On 2018-07-27 12:23, Stefan G. Weichinger wrote:
Am 27.07.2018 um 17:02 schrieb Jean-Francois Malouin:
You should also consider playing with dumporder.
I have it set to 'TTTTTTTT' and that makes the longest (time wise)
dumps go first so that the fast ones get push at the end.
In one config I have:
dumporder "TTTTTTTT"
flush-threshold-dumped 100
flush-threshold-scheduled 100
taperflush 100
autoflush yes
so that all the dumps will wait until the longest one are done.
It also won't go until it can fill one volume (100%). You can
obviously go further than that if you have enough hold disk.
Or at least it's my understanding...
(the ML was down for a while, so that's the reason for my delayed
response, it should work now)
I checked "dumporder" in that config, it was "BTBT...", I changed it to
"TTT..." now for a test.
Although I am not 100% convinced that this will do the trick ;-)
We will see.
I never fully understood that parameter and its influence so far, to me
it's a bit "unintuitive".
Perhaps I can help with that.
Part of what Amanda's scheduling does is figure out the size that each
backup will be on each run (based on the estimate process), how much
bandwidth it will need while dumping (based on the bandwidth settings
for that particular dump type), and the amount of time it will take
(predicted based on the size, prior timing data, and possibly the
bandwidth). That information is then used together with the 'dumporder'
setting to control how each dumper chooses what dump to do next when it
finishes dumping. Each letter in the value corresponds to exactly one
dumper, and controls only that dumper's selection.
The size-based selection is generally the easiest to explain, it just
says to pick the largest (for 'S') or smallest (for 's') dump out of the
set and run that next.
The bandwidth-based selection is only relevant if you have bandwidth
settings configured. Without them, it treats all dumps as equal, and
picks the next dump based solely on the order that amanda has them
sorted (which, IIRC, matches the order found in the disk list). With
them, it uses a similar selection method to the size-based selection,
just looking at bandwidth instead of size.

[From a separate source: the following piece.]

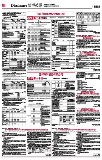 浙江永强集团股份有限公司2015半年度报告摘要 2015-10-29 来源:证券时报网 作者: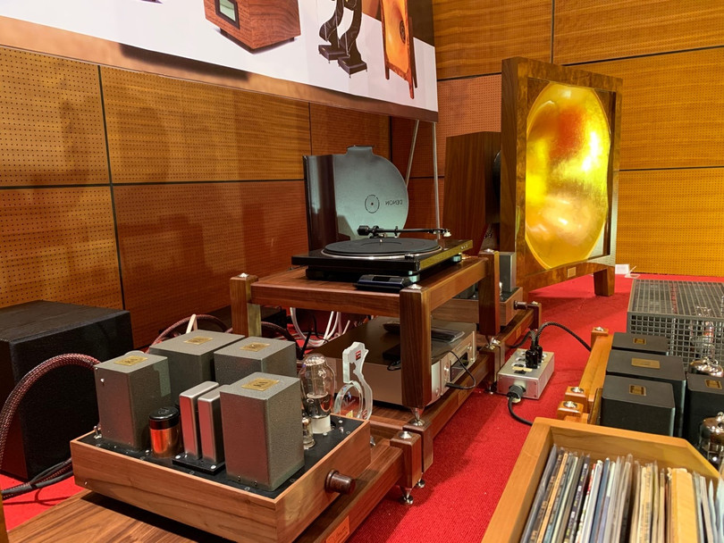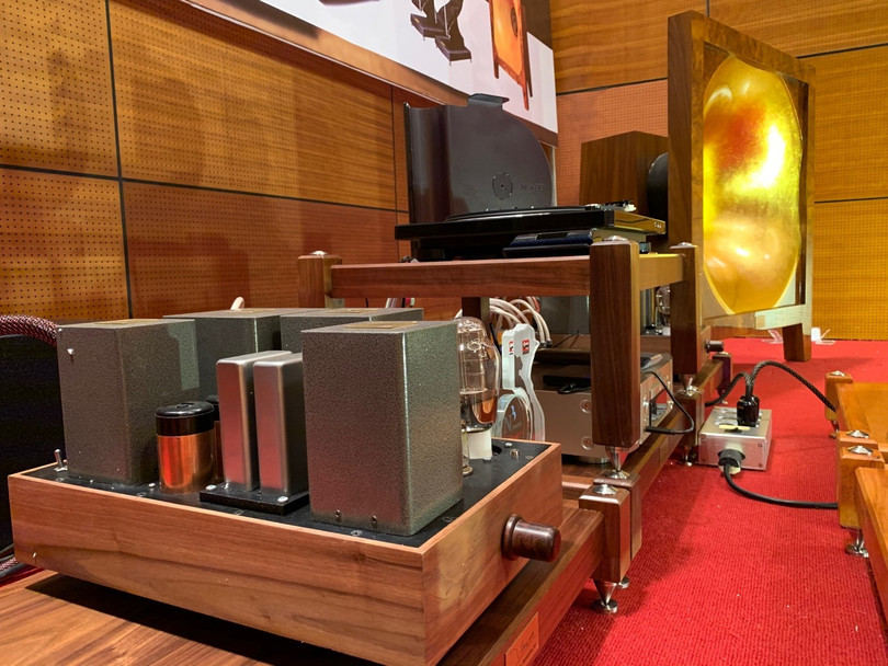 Hệ thống audio loa kèn tre dát vàng và amply 300b Mono Block

The time-based selection is where things get tricky, but they get tricky
because of how complicated it is to predict how long a dump will take,
not because the selection is complicated (it works just like size-based
selection, just looking at estimated runtime instead of size). Pretty
much, the timing data is extrapolated by looking at previous dumps of
the DLE, correlating size and actual run-time. I'm not sure what
fitting method it uses for the extrapolation (my first guess would be
simple linear extrapolation, because that's easy and should work most of
the time), and I'm also not sure what, if any, impact bandwidth has on
the calculation.
So, in short you have:
* 'S' and 's': Simple deterministic selection based on the predicted
size of the dump.
* 'B' and 'b': Simple deterministic selection based on bandwidth
settings if they are defined, otherwise trivial FIFO selection.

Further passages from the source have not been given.